*** Data records ***

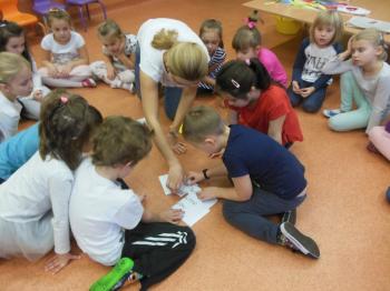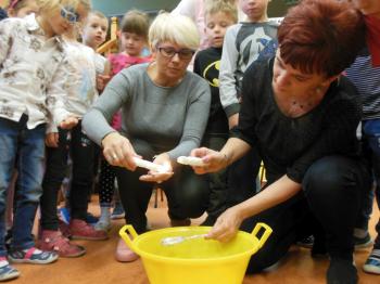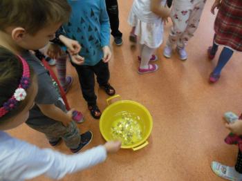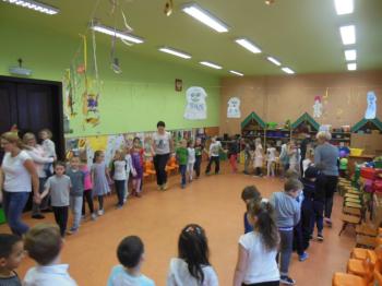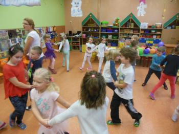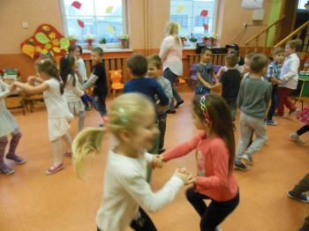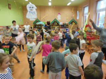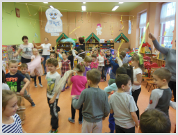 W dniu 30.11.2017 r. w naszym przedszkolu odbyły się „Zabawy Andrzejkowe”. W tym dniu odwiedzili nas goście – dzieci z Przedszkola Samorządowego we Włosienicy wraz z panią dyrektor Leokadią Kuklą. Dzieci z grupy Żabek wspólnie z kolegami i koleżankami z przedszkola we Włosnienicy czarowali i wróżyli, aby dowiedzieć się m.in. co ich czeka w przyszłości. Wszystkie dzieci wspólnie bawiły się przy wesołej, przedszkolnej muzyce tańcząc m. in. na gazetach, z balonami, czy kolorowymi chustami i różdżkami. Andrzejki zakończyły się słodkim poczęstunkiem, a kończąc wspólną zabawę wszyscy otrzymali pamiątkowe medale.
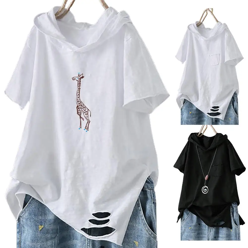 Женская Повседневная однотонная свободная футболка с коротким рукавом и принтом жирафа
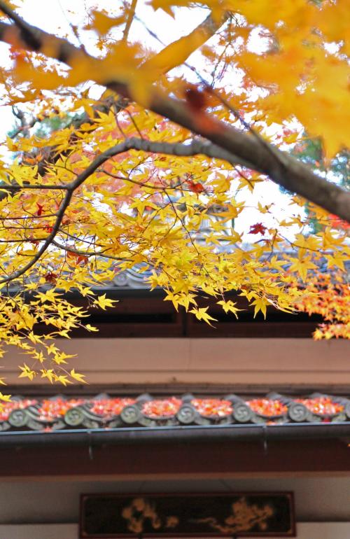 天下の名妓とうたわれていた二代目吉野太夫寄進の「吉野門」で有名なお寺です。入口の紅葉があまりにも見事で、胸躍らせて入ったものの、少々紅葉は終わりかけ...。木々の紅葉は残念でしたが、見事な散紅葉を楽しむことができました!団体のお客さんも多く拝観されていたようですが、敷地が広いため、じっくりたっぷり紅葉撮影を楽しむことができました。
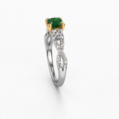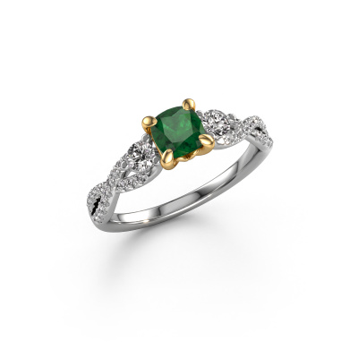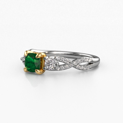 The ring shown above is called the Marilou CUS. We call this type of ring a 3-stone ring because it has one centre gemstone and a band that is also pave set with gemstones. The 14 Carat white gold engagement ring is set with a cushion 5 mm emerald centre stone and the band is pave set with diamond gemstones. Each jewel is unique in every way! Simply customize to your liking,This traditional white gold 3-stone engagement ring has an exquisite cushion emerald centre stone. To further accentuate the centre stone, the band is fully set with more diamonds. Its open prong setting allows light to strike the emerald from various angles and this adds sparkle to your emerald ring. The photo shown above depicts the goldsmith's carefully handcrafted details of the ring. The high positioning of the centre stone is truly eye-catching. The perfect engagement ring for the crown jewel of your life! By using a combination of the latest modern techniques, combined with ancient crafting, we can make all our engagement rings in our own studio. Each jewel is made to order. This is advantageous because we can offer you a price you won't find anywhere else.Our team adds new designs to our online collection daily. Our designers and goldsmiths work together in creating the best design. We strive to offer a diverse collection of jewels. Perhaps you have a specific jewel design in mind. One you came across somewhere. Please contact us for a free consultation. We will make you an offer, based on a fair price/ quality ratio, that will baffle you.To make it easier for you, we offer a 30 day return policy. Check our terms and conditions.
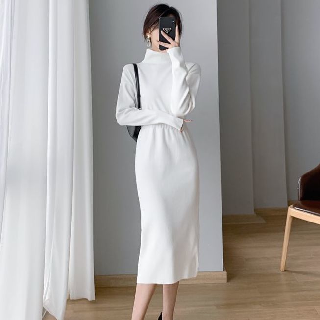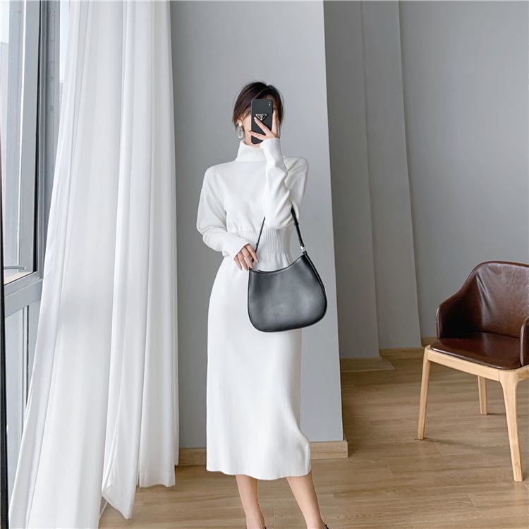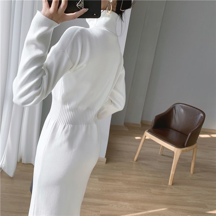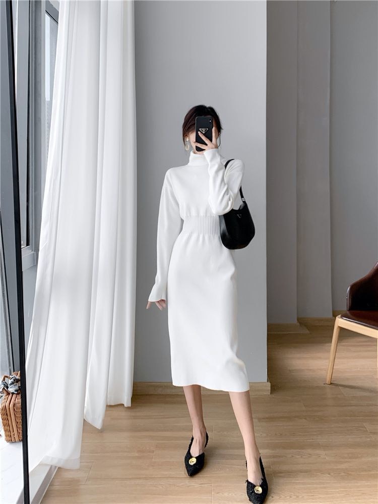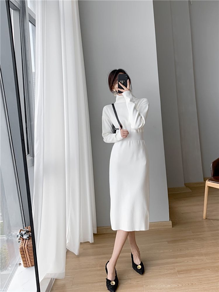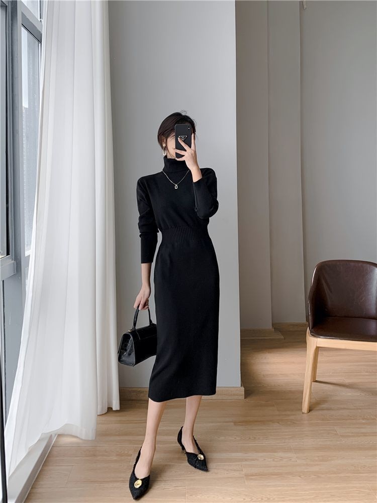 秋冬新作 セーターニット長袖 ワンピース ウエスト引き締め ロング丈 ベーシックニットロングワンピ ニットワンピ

*** End of Data records ***
*** Data records ***

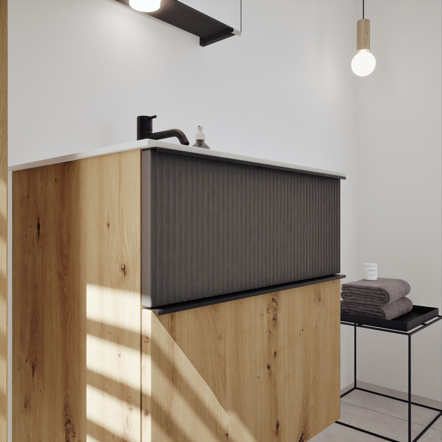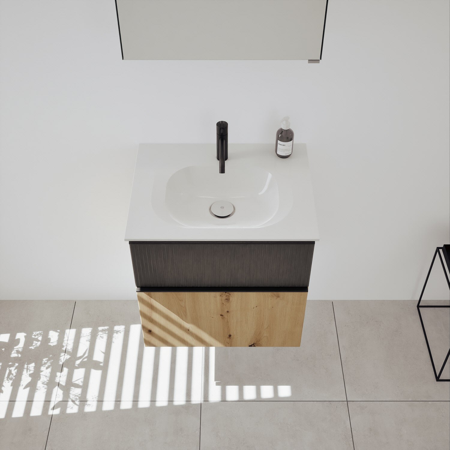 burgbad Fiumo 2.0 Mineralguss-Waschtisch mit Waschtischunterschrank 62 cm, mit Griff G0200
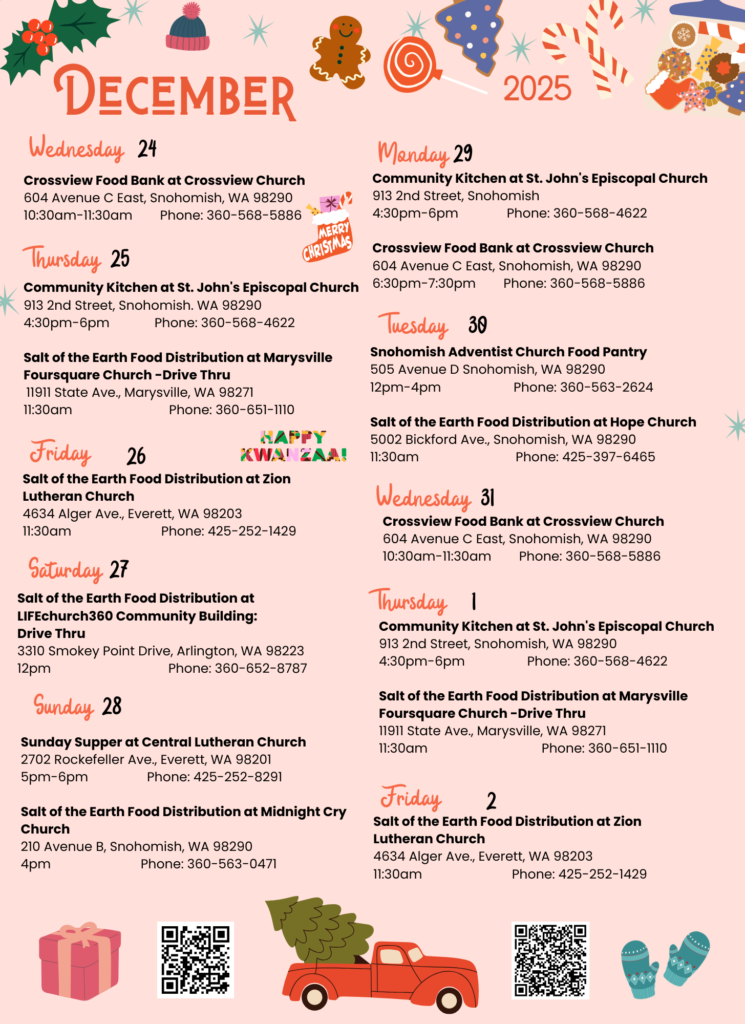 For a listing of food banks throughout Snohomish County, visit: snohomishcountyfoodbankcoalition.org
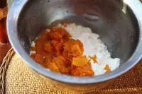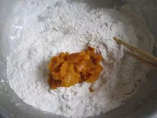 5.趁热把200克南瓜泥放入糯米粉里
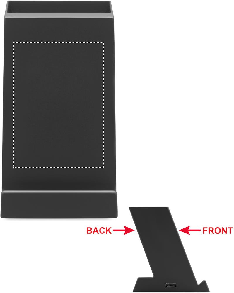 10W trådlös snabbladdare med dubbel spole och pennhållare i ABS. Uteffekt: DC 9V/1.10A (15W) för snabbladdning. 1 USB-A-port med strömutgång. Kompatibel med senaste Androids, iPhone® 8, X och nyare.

*** End of Data records ***

*Task objective:*
Go back to the listing above and write out the lines starting at the one with "burgbad Fiumo 2.0" and ending at the one with "10W trådlös snabbladdare", inclusive, exactly and without pictures.

*Your solution:*
 burgbad Fiumo 2.0 Mineralguss-Waschtisch mit Waschtischunterschrank 62 cm, mit Griff G0200
 For a listing of food banks throughout Snohomish County, visit: snohomishcountyfoodbankcoalition.org
 5.趁热把200克南瓜泥放入糯米粉里
 10W trådlös snabbladdare med dubbel spole och pennhållare i ABS. Uteffekt: DC 9V/1.10A (15W) för snabbladdning. 1 USB-A-port med strömutgång. Kompatibel med senaste Androids, iPhone® 8, X och nyare.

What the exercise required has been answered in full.